- **Task objective**
Skip the pictures. Output only the lines below starting at the line with "热烈祝贺绿电GB GS直插式电源适配器通过CE FCC认证" and ending at the line with "Use the CTrides", both ends included, exactly as they are.

- **Given records**
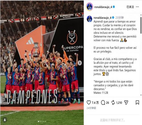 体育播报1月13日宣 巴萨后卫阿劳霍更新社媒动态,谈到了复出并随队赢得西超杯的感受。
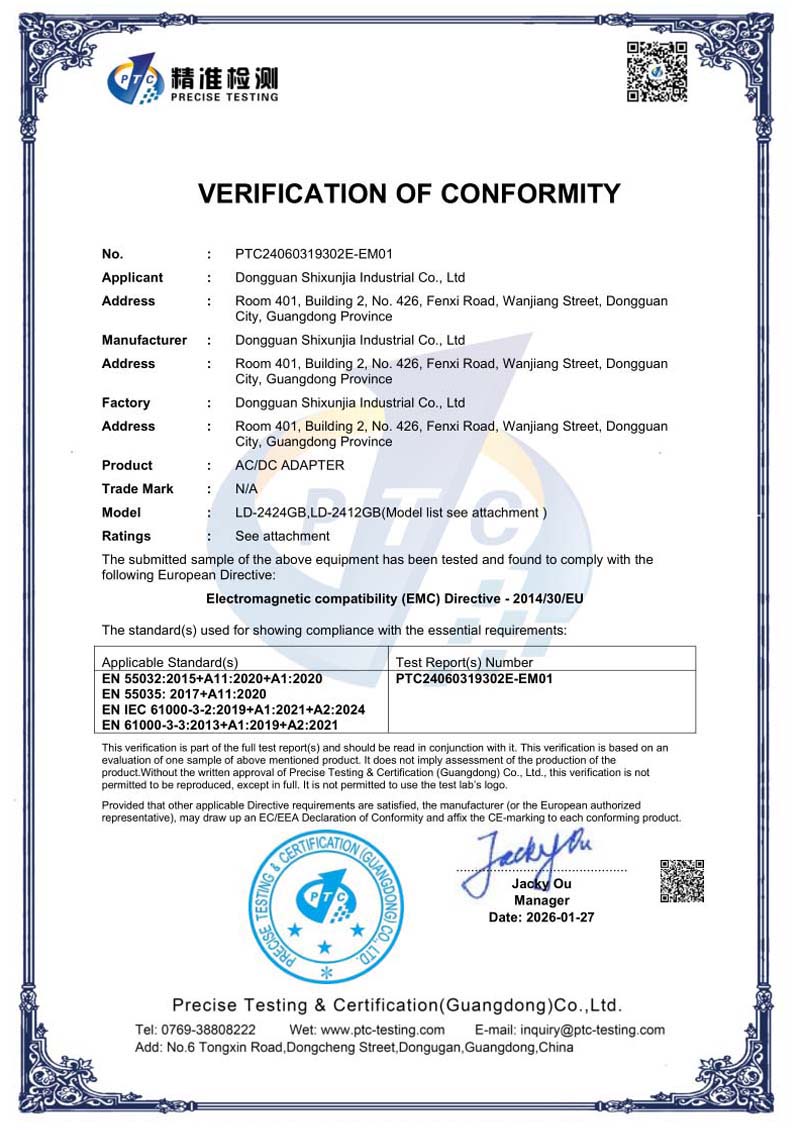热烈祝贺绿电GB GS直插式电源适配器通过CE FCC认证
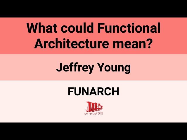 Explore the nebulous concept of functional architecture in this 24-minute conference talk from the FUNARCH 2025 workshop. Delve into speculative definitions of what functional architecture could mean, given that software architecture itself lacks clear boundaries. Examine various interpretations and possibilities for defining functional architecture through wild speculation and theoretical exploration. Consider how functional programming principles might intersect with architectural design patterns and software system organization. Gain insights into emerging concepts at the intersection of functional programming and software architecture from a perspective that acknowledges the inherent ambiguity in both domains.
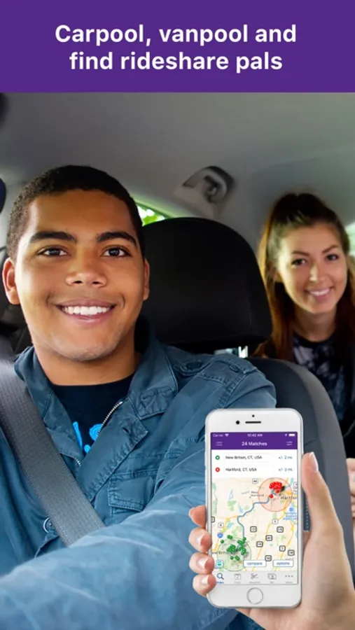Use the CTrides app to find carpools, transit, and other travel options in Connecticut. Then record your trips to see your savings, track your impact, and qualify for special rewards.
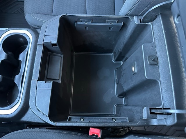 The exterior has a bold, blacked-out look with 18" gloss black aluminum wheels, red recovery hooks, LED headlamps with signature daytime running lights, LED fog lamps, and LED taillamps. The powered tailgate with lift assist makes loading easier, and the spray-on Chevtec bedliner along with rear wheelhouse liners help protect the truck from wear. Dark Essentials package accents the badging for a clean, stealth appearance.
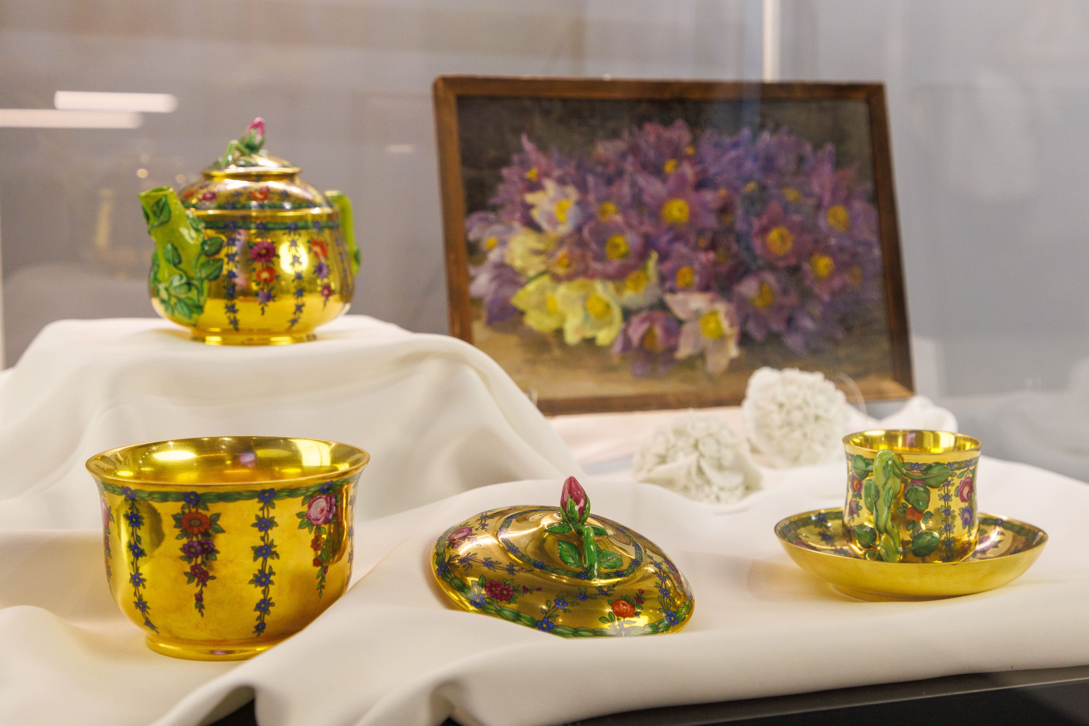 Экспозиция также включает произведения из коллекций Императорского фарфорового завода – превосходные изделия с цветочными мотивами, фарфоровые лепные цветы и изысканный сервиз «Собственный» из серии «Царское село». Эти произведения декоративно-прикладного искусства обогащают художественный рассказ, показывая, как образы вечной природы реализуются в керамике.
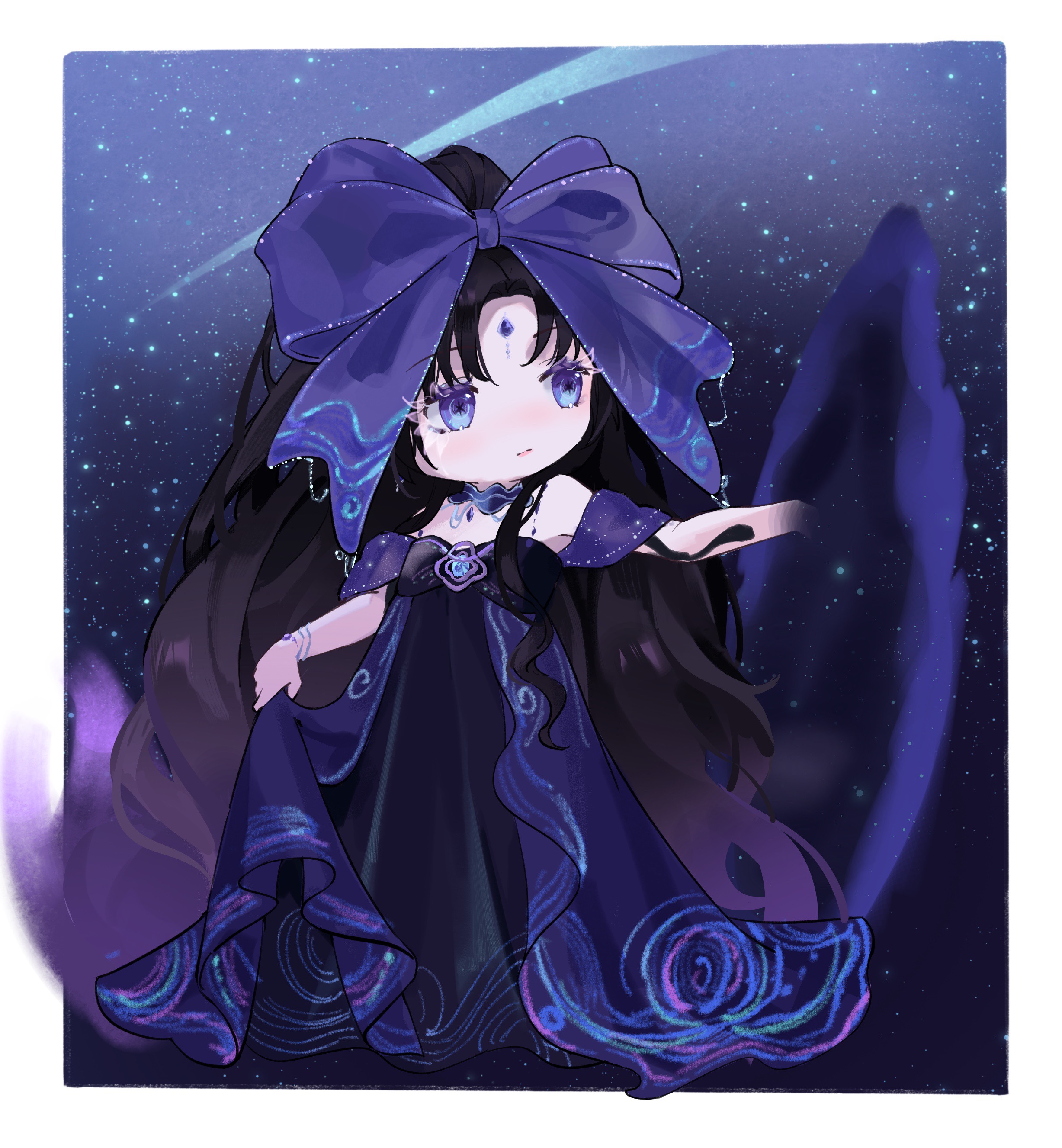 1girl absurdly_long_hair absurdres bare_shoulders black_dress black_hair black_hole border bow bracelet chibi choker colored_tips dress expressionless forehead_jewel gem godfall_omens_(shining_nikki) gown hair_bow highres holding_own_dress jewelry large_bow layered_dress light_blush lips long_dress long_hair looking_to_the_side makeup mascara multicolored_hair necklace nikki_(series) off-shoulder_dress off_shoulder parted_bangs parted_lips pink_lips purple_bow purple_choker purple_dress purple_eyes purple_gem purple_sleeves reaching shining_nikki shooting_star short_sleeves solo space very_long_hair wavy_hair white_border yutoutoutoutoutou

- **Answer space**
热烈祝贺绿电GB GS直插式电源适配器通过CE FCC认证
 Explore the nebulous concept of functional architecture in this 24-minute conference talk from the FUNARCH 2025 workshop. Delve into speculative definitions of what functional architecture could mean, given that software architecture itself lacks clear boundaries. Examine various interpretations and possibilities for defining functional architecture through wild speculation and theoretical exploration. Consider how functional programming principles might intersect with architectural design patterns and software system organization. Gain insights into emerging concepts at the intersection of functional programming and software architecture from a perspective that acknowledges the inherent ambiguity in both domains.
Use the CTrides app to find carpools, transit, and other travel options in Connecticut. Then record your trips to see your savings, track your impact, and qualify for special rewards.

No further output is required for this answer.